I am trying to show that if $$\frac{X}{c}\sim\text{Gamma}(a,b) \ \ \ \ \ \ \text{then} \ \ \ \ \ \ \ X\sim\text{Gamma}(a,cb)$$

My first approach was to use a PDF transformation. I let $$Z=\frac{X}{c}\Rightarrow X=Zc$$ Then $$f_X(x)=f_Z\Big(\frac{x}{c}\Big)\Big|\frac{dz}{dx}\Big|=\frac{1}{\Gamma(a)b^a}e^{-\frac{x}{cb}}\Big(\frac{x}{c}\Big)^{a-1}\frac{1}{c}=\frac{1}{\Gamma(a)(cb)^a}e^{-\frac{x}{cb}}x^{a-1}$$ Which is clearly the density function of $\text{Gamma}(a,cb)$. Hence $X\sim\text{Gamma}(a,cb)$.

But, I know tried to confirm this using an MGF approach.

$$m_z(u)=\mathbb{E}\Big(e^{Zu}\Big)=\mathbb{E}\Big(e^{\frac{X}{c}u}\Big)=m_X\Big(\frac{u}{c}\Big)=\Big(1-b\frac{u}{c}\Big)^{-a}$$ which is the MGF for the $\text{Gamma}\Big(a,\frac{b}{c}\Big)$ distribution.

Where have I made my mistake in the MGF approach?

Answer 1

Let $Z = \dfrac{X}{c} \sim \text{Gamma}(a, b)$.
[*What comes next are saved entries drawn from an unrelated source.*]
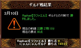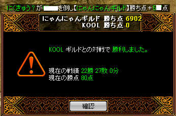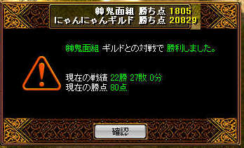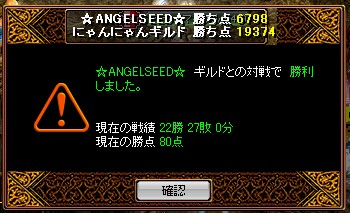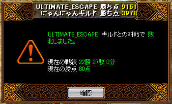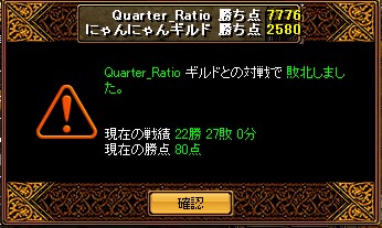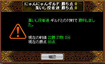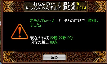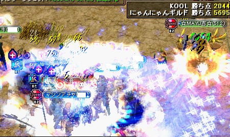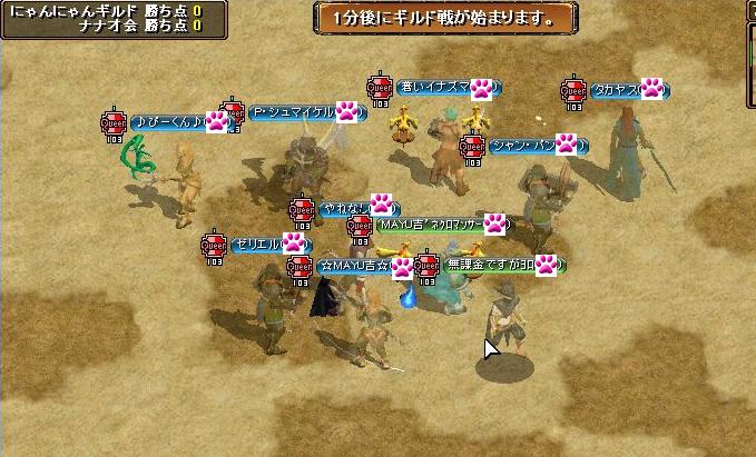 コ━━ヾ(o´∀`o)ノ━━ンチャ!!!MAYU吉です((。´・ω・)。´_ _))ペコホントに人が減っちゃって大変なにゃんにゃんギルドのみんなの勇姿をあっぷしようとおもいます((。´・ω・)。´_ _))ペコホント苦労かけます(っД`)・・・ぁ、これゎ相手さんの何人かが急にでられなくなったっていう不戦勝試合です><相手さんも含めておしゃべりしてたら、○ってーがやっちゃいまして終わっちゃいましたwまたお互いイイ時期に再戦おねがいします((。´・ω・)。´_ _))ペコ申し訳ないですが、ここからゎペタペタ貼っていきます(○´ω`)Gのことをみんなで会議した結果・・・マユネクを当分の間、封印することに決定いたしました(;ω;)にゃんのチャームポイントでもあったネク魔チャンが出動させられないなんてとっても寂しいですが・・・また!!(。・ω・。)にゃんに春がきたら出れるとおもうので、頑張って春乞いシマス(`・ω・´)ノ オーッ!!ま け な い こっと(●´3`)~♪あ き ら め な い こっと(●´3`)~♪に げ だ さ な い こっと(●´3`)~♪し ん じ ぬ ry ・・・(っ゚△゚)っ ハッ!今日2倍だしヾ(#`Д´#)ノウヮーン!!!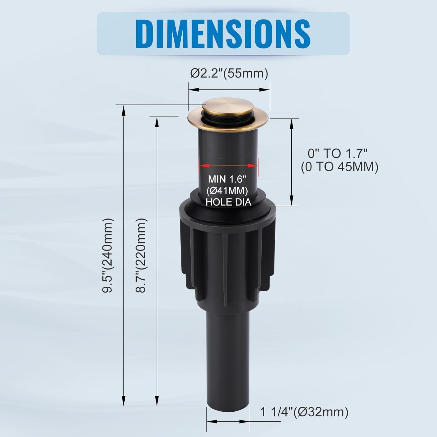 - Standard US Drain Hole Size - The bathroom pop up drain designed for sink without Overflow, it is standard sized US plumbing fit Drain Opening from 1 1/2" to 1 3/4" and tailpiece nut size 1 1/4". Please check and confirm your size before purchsing.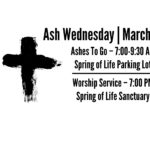 On Wednesday, March 1, you are invited to join Spring of Life United Methodist Church to begin the Christian season of Lent. Stop by our parking lot for "Ashes To Go" between 7 am and 9:30 am - Pastor Josh will be available to pray with you and share the ashes. You are also invited to join us at 7 pm for our Ash Wednesday worship service. Nursery will be provided for … [Read more...]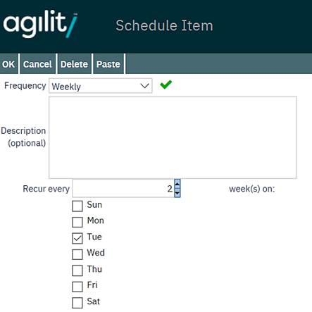 Select the cycle frequency from the drop down list. Once selected, the form will be updated to show the required fields for this cycle period.

Then $$M_{Z}(u) = (1-bu)^{-a} = \mathbb{E}[e^{uZ}]\tag{*}$$ and thus, observing that $X = cZ$,

$$M_{X}(u)=\mathbb{E}[e^{uX}] = \mathbb{E}[e^{ucZ}]=\mathbb{E}[e^{(uc)Z}]=M_{Z}(uc) = [1-b(uc)]^{-a}=[1-(bc)u]^{-a}$$ hence $X \sim \text{Gamma}(a, bc)$.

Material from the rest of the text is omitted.